Leaving out all pictures, return exactly the lines from the one that contains "Алмазная мозаика с" through the end of the data below.

DATA SEGMENT:
##############################
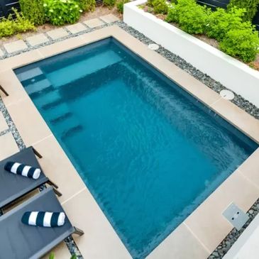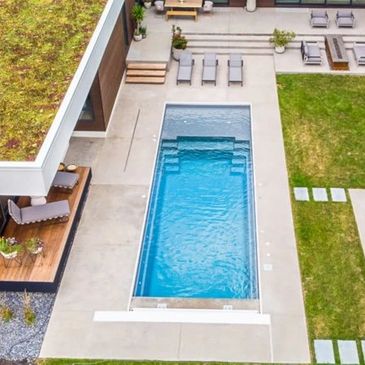 A remarkable pool that can provide luxury and grace in limited backyards. With four length options, it offers a full width bench (10 feet) at the entry area and a generous swimming area inside it.
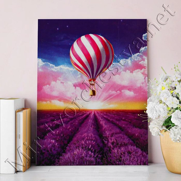 Алмазная мозаика с частичным заполнением «Лавандовые поля» 30x40см, холст, ёмкость
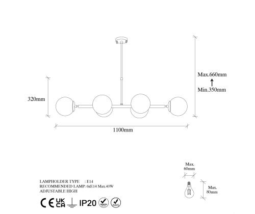 Socket Type: 6 x E 14 Max 40 W
##############################
REPLY:
 Алмазная мозаика с частичным заполнением «Лавандовые поля» 30x40см, холст, ёмкость
 Socket Type: 6 x E 14 Max 40 W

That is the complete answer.